Kahramanmaraş’ta günlerdir yazıyoruz, söylüyoruz, anlatıyoruz. Onikişubat Milli Eğitim’deki taşımalı eğitim ihalesinde dönen dolapları gözler önüne seriyoruz. Ama ne oluyor? Hiçbir yetkili çıkıp da “Bu nedir, bu rezaletin hesabı verilmelidir” demiyor. Demek ki ya herkes bu işlerin farkında ama susmayı tercih ediyor, ya da gerçekten bu şehir sahipsiz bırakılmış.
***
Depremden sonra zaten yıkılmış bir şehirde, kaçak yapılaşmanın haddi hesabı kalmadı. Denetim mi? Yaptırım mı? Yok! Onikişubat’ın en pahalı semti olan Binevler’de, Uzun Çarşı’da “Özmin Eşarp” tabelasıyla faaliyet gösteren bir mağaza, köşe başına kaçak işyeri yapmış, işletmeye devam ediyor. Diğer yandan esnaf kirasını ödemek için bankalara, borçlara gömülüyor. Bu firma ne kira veriyor ne de tabela vergisi. Vergisini ödeyen, kirasını denkleştirmeye çalışan dürüst esnafa yazık değil mi?
***
Hele bir muhtar var ki, pes doğrusu! Park içine yapılmış küçük muhtarlık binasını büyütmüş, kendine adeta villa kondurmuş. Devletin arazisi üzerinde kaçak yapı yapıyor, hem de sözde “millete hizmet” için seçilmiş bir isim. Buna göz yumuluyorsa, yarın başka muhtarlar da örnek alır.
***
Sanayi tarafına geçelim… Havasını kirlettiği için hakkında kapatma kararı verilen bir fabrika var. Bir kurum, onay vermediği için kapatma kararı bekletiliyor. Yani vatandaşın ciğeri hiçe sayılıyor, doğa katlediliyor ama mevzuat oyunlarıyla o fabrikanın bacası hâlâ tütmeye devam ediyor.
***
Orman arazilerine yapılan villaların haddi hesabı yok.

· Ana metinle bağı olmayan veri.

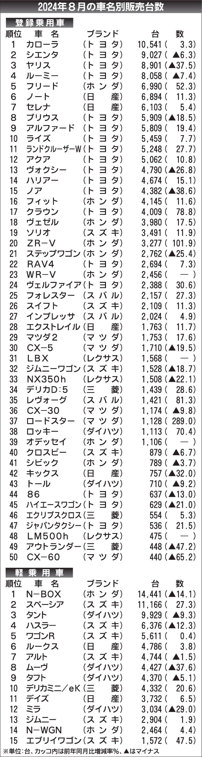 〈2024年8月の車名別販売台数〉

Ahırdağı yamaçları delik deşik edilmiş, talan edilmiş. Doğa katliamı göz göre göre sürüyor. Ama ses çıkaran var mı? Yok! Denetim nerede? Yaptırım nerede? Sözde çevreye duyarlıymış gibi demeçler verenler nerede?
***
Ve en büyük ayıp: Aksu Çayı.
Yıllardır zehir akıyor, yıllardır bu kentin en büyük kanayan yarası. Temizlenecek dediler, söz verdiler, açıklama yaptılar… Hepsi hikâye! Kimse bu pisliği temizlemeye ne niyetli, ne de yeterli. Bu şehre giren bir yabancı, daha ilk adımını attığında neyle karşılaşıyor? Şehir tabelasının yanında mis gibi(!) pis koku. Bu mu Kahramanmaraş’ın reklamı? Bu mu misafirperverliğimiz? Şehre b..k kokusuyla girmekten daha utanç verici bir tablo olabilir mi?
***
Kahramanmaraş’ta işler böyle yürüyor. Kaçak yapılar, sahipsiz çaylar, göz yumulan fabrikalar, devlet arazisine villa diken muhtarlar… Ve yetkililerin derin sessizliği.
Biz yazıyoruz, söylüyoruz ama kimsenin umurunda değil. Çünkü bu şehirde sorunları çözmek yerine, üzerini örtmek daha kolay. Ama unutulmasın; örtülen her gerçek, yarın daha büyük bir skandal olarak patlar.